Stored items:

--- START ---

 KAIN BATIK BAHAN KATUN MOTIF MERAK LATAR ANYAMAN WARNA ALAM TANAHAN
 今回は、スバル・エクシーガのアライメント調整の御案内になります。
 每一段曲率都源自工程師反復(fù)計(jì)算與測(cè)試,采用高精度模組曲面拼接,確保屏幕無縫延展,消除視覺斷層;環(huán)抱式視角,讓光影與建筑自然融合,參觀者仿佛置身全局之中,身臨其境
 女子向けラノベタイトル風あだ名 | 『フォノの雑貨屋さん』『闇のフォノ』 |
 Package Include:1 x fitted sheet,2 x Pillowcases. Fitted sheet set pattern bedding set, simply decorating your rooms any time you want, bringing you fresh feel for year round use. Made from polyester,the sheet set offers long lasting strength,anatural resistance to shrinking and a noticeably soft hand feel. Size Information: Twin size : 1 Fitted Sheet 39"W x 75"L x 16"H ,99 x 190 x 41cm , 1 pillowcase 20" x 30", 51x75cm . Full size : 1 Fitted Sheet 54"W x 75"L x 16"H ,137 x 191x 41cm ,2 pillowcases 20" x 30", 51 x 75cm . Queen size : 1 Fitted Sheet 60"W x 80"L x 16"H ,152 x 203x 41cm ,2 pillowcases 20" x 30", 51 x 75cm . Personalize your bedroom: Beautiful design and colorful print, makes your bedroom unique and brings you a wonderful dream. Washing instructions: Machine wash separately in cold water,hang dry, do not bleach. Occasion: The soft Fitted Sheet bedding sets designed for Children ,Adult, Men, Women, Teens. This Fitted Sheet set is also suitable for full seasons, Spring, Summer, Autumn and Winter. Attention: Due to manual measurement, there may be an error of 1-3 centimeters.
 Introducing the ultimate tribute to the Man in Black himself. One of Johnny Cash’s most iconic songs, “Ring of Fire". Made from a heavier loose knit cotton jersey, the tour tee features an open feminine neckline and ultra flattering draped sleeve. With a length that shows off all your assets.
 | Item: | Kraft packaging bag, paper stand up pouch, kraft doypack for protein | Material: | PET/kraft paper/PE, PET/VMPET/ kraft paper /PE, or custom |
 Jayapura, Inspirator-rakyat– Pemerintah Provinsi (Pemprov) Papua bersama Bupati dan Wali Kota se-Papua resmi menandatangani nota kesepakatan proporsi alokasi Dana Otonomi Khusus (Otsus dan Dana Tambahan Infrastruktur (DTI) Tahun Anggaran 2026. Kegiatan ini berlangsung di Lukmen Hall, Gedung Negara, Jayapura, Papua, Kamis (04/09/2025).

--- END ---

→ **Problem statement**: All of the records above are to be copied exactly.

→ **The answer**:
 KAIN BATIK BAHAN KATUN MOTIF MERAK LATAR ANYAMAN WARNA ALAM TANAHAN
 今回は、スバル・エクシーガのアライメント調整の御案内になります。
 每一段曲率都源自工程師反復(fù)計(jì)算與測(cè)試,采用高精度模組曲面拼接,確保屏幕無縫延展,消除視覺斷層;環(huán)抱式視角,讓光影與建筑自然融合,參觀者仿佛置身全局之中,身臨其境
 女子向けラノベタイトル風あだ名 | 『フォノの雑貨屋さん』『闇のフォノ』 |
 Package Include:1 x fitted sheet,2 x Pillowcases. Fitted sheet set pattern bedding set, simply decorating your rooms any time you want, bringing you fresh feel for year round use. Made from polyester,the sheet set offers long lasting strength,anatural resistance to shrinking and a noticeably soft hand feel. Size Information: Twin size : 1 Fitted Sheet 39"W x 75"L x 16"H ,99 x 190 x 41cm , 1 pillowcase 20" x 30", 51x75cm . Full size : 1 Fitted Sheet 54"W x 75"L x 16"H ,137 x 191x 41cm ,2 pillowcases 20" x 30", 51 x 75cm . Queen size : 1 Fitted Sheet 60"W x 80"L x 16"H ,152 x 203x 41cm ,2 pillowcases 20" x 30", 51 x 75cm . Personalize your bedroom: Beautiful design and colorful print, makes your bedroom unique and brings you a wonderful dream. Washing instructions: Machine wash separately in cold water,hang dry, do not bleach. Occasion: The soft Fitted Sheet bedding sets designed for Children ,Adult, Men, Women, Teens. This Fitted Sheet set is also suitable for full seasons, Spring, Summer, Autumn and Winter. Attention: Due to manual measurement, there may be an error of 1-3 centimeters.
 Introducing the ultimate tribute to the Man in Black himself. One of Johnny Cash’s most iconic songs, “Ring of Fire". Made from a heavier loose knit cotton jersey, the tour tee features an open feminine neckline and ultra flattering draped sleeve. With a length that shows off all your assets.
 | Item: | Kraft packaging bag, paper stand up pouch, kraft doypack for protein | Material: | PET/kraft paper/PE, PET/VMPET/ kraft paper /PE, or custom |
 Jayapura, Inspirator-rakyat– Pemerintah Provinsi (Pemprov) Papua bersama Bupati dan Wali Kota se-Papua resmi menandatangani nota kesepakatan proporsi alokasi Dana Otonomi Khusus (Otsus dan Dana Tambahan Infrastruktur (DTI) Tahun Anggaran 2026. Kegiatan ini berlangsung di Lukmen Hall, Gedung Negara, Jayapura, Papua, Kamis (04/09/2025).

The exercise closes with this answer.